Transportation systems are critical infrastructure in the truest sense of the term. Their disruption doesn’t just affect data or revenue, it can impact public safety, emergency response, and economic stability. A cyberattack on transit systems and the subsequent evacuation and response efforts, can very quickly lead to a danger to life. The risk is real, and it’s growing.

European Airport Check-in Shutdown (September 20th, 2025):
A cyberattack on the Collins Aerospace MUSE platform (a third-party service provider) disabled electronic check-in and boarding systems at major airports across Europe. Airlines were forced to use manual procedures, and attackers claimed to have exfiltrated data on 1.5 million passengers.

 
Many of these systems rely heavily on wireless connectivity. Many run on legacy technology that was never designed to be secured. And unlike power plants or factories, much of this infrastructure is literally in motion.

From a cybersecurity perspective, this creates a unique risk profile, one that doesn’t map cleanly to traditional IT security models. It also explains why attacks against transit systems have increased in both frequency and severity in recent years. Attackers are drawn to complexity, blind spots, and environments where uptime pressures make patching and remediation difficult.

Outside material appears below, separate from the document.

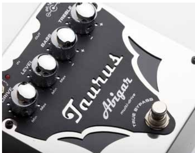
Kategoria multi-drive sugeruje, iż po włączeniu Abigara czeka nas długa podróż po krainie przesterowanych brzmień.

Nie lubię pożegnań i dlatego w tym przypadku z co najmniej z dwoma z serii nowych Taurusów EFX zamierzam zaprzężyć się na dłużej (choć cała piątka „trzy-ma fason” i nie ma w niej słabych punktów). Rozsądna kolejność połączenia ich w łańcuchu to: gitara – Abigar (drive), Tux (kompresor), Vechoor (chorus-flanger), Zebu (reverb-delay), T-Di (preamp). Dla Waszego spokoju napiszę jeszcze: nic nie stuka, nie trzeszczy, nic nie brumi, nie ma trzasków przy włączaniu/wyłączaniu. Urządzenia są trwałe, łatwe w obsłudze i według mnie oraz większości muzyków, z którymi się spotkałem, brzmiały zadowalająco.
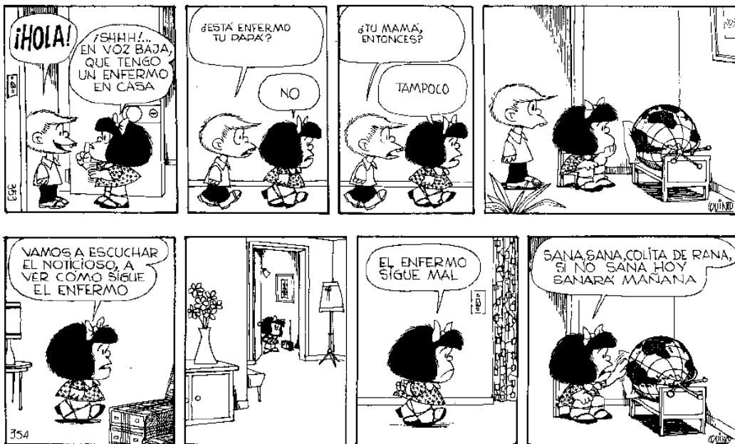
FIG. 2. QUINO. Toda Mafalda . © Ediciones de la Flor, 1993, p. 135.

preocuparnos al mostrarnos un mundo enfermo (FIG. 2), demacrado, siendo noticia continua tanto en la radio, en la prensa como en la televisión y en el apartado de desgracias y sucesos. Este mundo, que abarca todas las problemáticas que recorren cada rincón del mismo, es objeto de otras tiras como aquella en la que Mafalda le comenta a su osito de peluche que el mundo que ve (indicándole el mapamundi que le acompaña en todas estas tiras) es lindo porque es una maqueta, ya que el original es un desastre.

The Progression From Incidents To Exposures

What I find most encouraging about NIST’s draft framework is not just that it exists, but how it reframes the problem.

The framework aligns with NIST Cybersecurity Framework 2.0, while acknowledging a critical reality: cybersecurity and physical safety are now inseparable in modern transportation systems. Federal agencies like the Federal Transit Administration have already moved in this direction by requiring rail operators to certify that they have processes in place to identify and reduce cyber risk as part of their safety programs.

This reflects a broader shift we’re seeing across critical infrastructure: away from purely reactive security and toward proactive exposure management.

Reactive security asks:
“Is there someone in the house?”

Proactive security asks the more powerful question:
“Which windows are open, and which ones matter most?”

Why We Still Need To Talk About Visibility

The lack of complete visibility across OT, IoT, and unmanaged assets is still a huge issue. These blind spots are where attackers operate. They exploit unknown devices, unpatched systems, weak configurations, and trust relationships that were never designed for today’s threat landscape.

The proposed NIST framework reinforces the importance of starting with visibility and prioritization, particularly for systems that, if disrupted, could threaten passenger safety or service continuity. Signaling, communications, dispatching, and control systems must come first.

This isn’t about starting from square one with your security, it’s about understanding which assets are most critical and which exposures are most exploitable through situational awareness- it is not enough to know the make and model number.

The Foundation For What Comes Next

NIST’s draft Transit Cybersecurity Framework doesn’t promise instant fixes or dramatic breakthroughs. And that’s exactly why it matters.

It provides a practical formula for managing cyber risk in systems that millions of people depend on every day. These systems are unique in the way they operate and can’t afford to fail. It reinforces the idea that proactive, exposure-driven security is no longer optional for critical infrastructure.

At Armis, we see this shift happening across every sector we support. Organizations that succeed are the ones that focus on continuous visibility, intelligent prioritization, early warning, and collaboration, not just alerts after damage is done.